Personal information
- Full name: Cipriano Prada Amedo
- Date of birth: 26 September 1887
- Place of birth: Haro, La Rioja, Spain
- Date of death: unknown
- Place of death: Spain
- Position: Midfielder

Senior career*
- Years: Team / Apps / (Gls)
- 1905–1908: Pontevedra SC
- 1908: Real Madrid
- 1908–1918: Pontevedra SC
- 1918: Pontevedra Athletic Club [gl]

International career
- 1913: Spain (unofficial) / 1 / (0)

= Cipriano Prada =

Spanish footballer (1887–?)

Cipriano Prada Amedo (26 September 1887 – unknown) was a Spanish footballer who played as a midfielder for Real Madrid in Spain.

==Early life==
Cipriano Prada was born on 26 September 1887 in Haro, La Rioja, as the son of parents from San Vicente de la Sonsierra, La Rioja, and Samaniego, Álava. He was raised between Haro and Bilbao, before settling in Pontevedra, where his family ran the Hotel Méndez Núñez.

==Career==
Prada began playing football in his hometown club Pontevedra SC, which was the very first club that played football in the city of Pontevedra, where he coincided with his brother Benito and Edmundo Novoa. The fame of Prada and Novoa caused Madrid FC to invite them to the capital to reinforce them in the upcoming 1908 Copa del Rey in April, but they arrived there a month earlier, in March, when the Merengue club was still competing in the Centro regional championship, so Prada made his debut for Madrid on 19 March, scoring the opening goal of a 3–0 victory over Atlético Madrid; there are no records about the next two championship matches, both against Español de Madrid, but it is likely that Novoa started in both as Madrid won the title and thus qualified for the Copa del Rey. On 12 April, both he and Novoa started in the 1908 Copa del Rey final against Vigo FC, helping their side to a 2–1 victory. In total, he played three known matches for Madrid.

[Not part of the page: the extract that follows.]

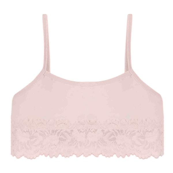 Топ бельевой для девочки имеет бежевый цвет. Тонкие бретели фиксируют изделие на плечах. Нижний край отделан кружевом. Дизайн прост и аккуратен. Топ надевается легко через голову. Форма сохраняется после стирки. Ткань мягкая на ощупь. Кружево добавляет нежности.
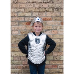 Medieval Knight Set with tunic and crown by Great Pretenders, made with great care for details. They shine as a real medieval armour but they're as comfy as a tracksuit! The tunic is size adjustable. Machine washable. Size: 4 - 6 anni

In February 1909, he was a member of an early version of a Spain national team with players from clubs from northern Spain (particularly Irún, Fortuna, and Pontevedra) that contested a team of players from southern France at the Pont Jumeaux stadium in Toulouse. Prada then continued playing with Pontevedra for several years, serving as captain, and on 25 May 1913, he is among one of the eleven footballers who played in the first unofficial game of the Spain national team at Estadio de Amute in Hondarribia. Spain faced France (the latter represented by the USFSA) in a 1–1 draw.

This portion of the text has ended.